Come along and explore the journey through England’s Premier Composer’s Beloved Countryside.

The Elgar Route is a gentle excursion through the countryside which inspired Elgar to compose some of his greatest music. Without stops, it should take you no more than an hour and a half to complete the route. The approx distance is 35 miles.
You can start and finish the route in the City of Worcester, and begin viewing the Elgar window in Worcester Cathedral. You can also enjoy the ‘Elgar Walk’ around the historic streets of the City.
The Drive takes you past a number of the houses in which Elgar lived and other places with particular Elgarian associations, although it will be necessary to stop and get out of the car to appreciate many of them, particularly in the centre of Malvern.

The Elgar Route:

The Malverns
Start the route on the outskirts of Worcester, in Lower Broadheath, with a visit to Elgar’s birthplace at The Firs (now owned by the National Trust). Then, head off to Great Malvern where you’ll be able to take in the sights of the historic town.

Pay a visit to Malvern Theatres – formerly the Winter Gardens – marvel at the magnificent medieval stain-glass in Great Malvern Priory, walk around Priory Park with it’s marvellous trees and visit the Elgar statue located next to the Enigma Fountain at the top of Church Street.

Once you’ve enjoyed the lovely town centre of Great Malvern, head up to the Worcestershire Beacon before walking the peaks to admire the wonderful view of British Camp full of ‘Pomp & Circumstance’ in the distance.

Alternatively, head out in your car once more and drive up into the Malvern Hills along Wyche Road and Jubilee Drive, onto British Camp and then climb to the top of the historic hill-fort. Once at the top of the Malvern Hills, you’ll understand why this landscape inspired Elgar so much!

After a walk up to the top of the Malvern Hills taking in the spectacular views and amazing scenery, head out towards Malvern Wells to pay your respects at Sir Edward Elgar’s grave situated in St. Wulstan’s Church graveyard.
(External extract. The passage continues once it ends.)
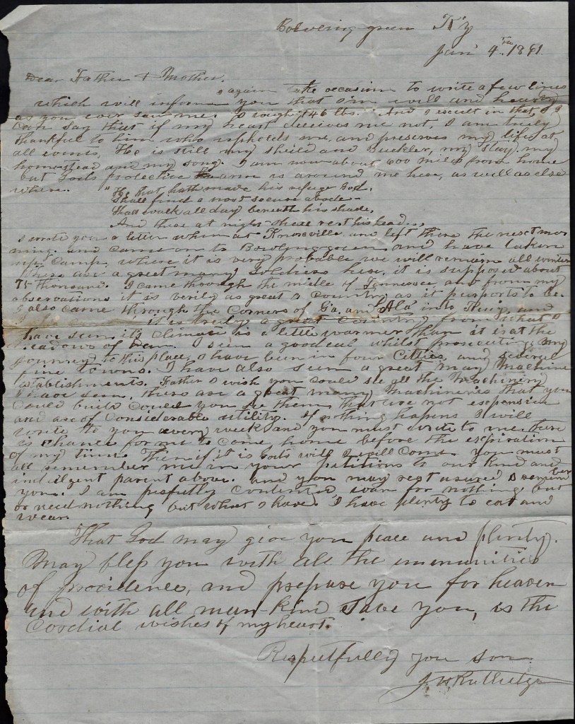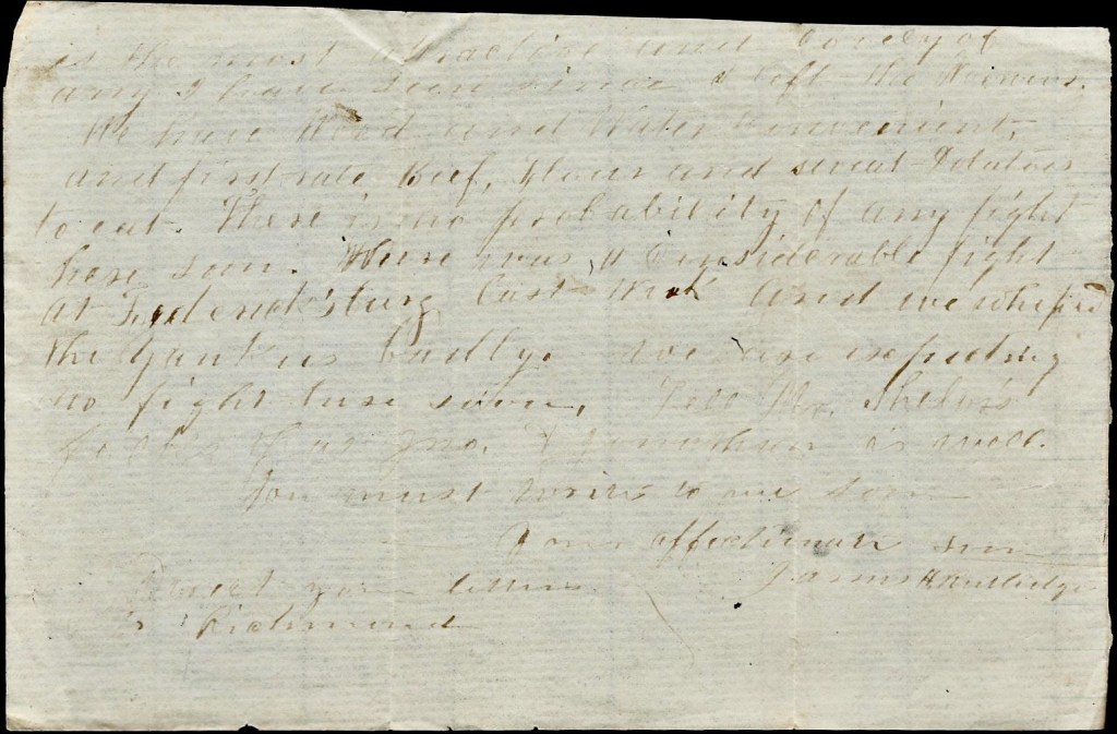 I started from the Narrows, harassed considerably with tooth and jaw ache or rather neuralgia, and I broke down the first day, but after that, I commenced improving and have arrived here (five miles southeast of Richmond) in fine health and spirits, and did enjoy my trip very well. I have seen the magnificent City of Richmond and the elegant Lynchburg and various places of minor importance, but the site on which we are encamped is the most attractive and lovely of any I have seen since I left the Narrows. We have wood and water convenient and first rate beef, flour, and sweet potatoes to eat. There is no probability of any fight here soon. There was a considerable fight at Fredericksburg last week and we whipped the Yankees badly. We are expecting no fight here soon. Tell Mr. Shelor’s folks that Jno. and Jonathan is well. 1 You must write to me. Your affectionate son, — James H. Rutledge.

You’ll then drive past one of Elgar’s former homes before heading out towards the riverside town of Upton-upon-Severn, a great place to stop for a bite to eat and a walk along the riverside.

Your next stop will be the historic city of Worcester after passing close to another one of Elgar’s former homes – Napleton Grange near Kempsey.

Once in the Faithful City, embark on an Elgar walk through the historic streets and admire the intricate Elgar memorial window on the north aisle of Worcester Cathedral. You’ll also be able to view another statue of the man himself in Cathedral Square.

Other city attractions to visit with an Elgar connection include The Guildhall, which is an impressive Queen Anne building dating back to 1722 and No 10 High Street, the former Elgar Brothers’ Shop.

Visit St. George’s Roman Catholic Church in Sansome Place where Elgar succeeded his father as the organist and see a commemorative plaque outside the Alice Ottley Girls School, now part of the Royal Grammar School on The Tything, where Elgar was a violin teacher.

Take Part
So, take part in the Elgar Route and enjoy a musical meander across the county celebrating the life of Worcestershire’s most famous son.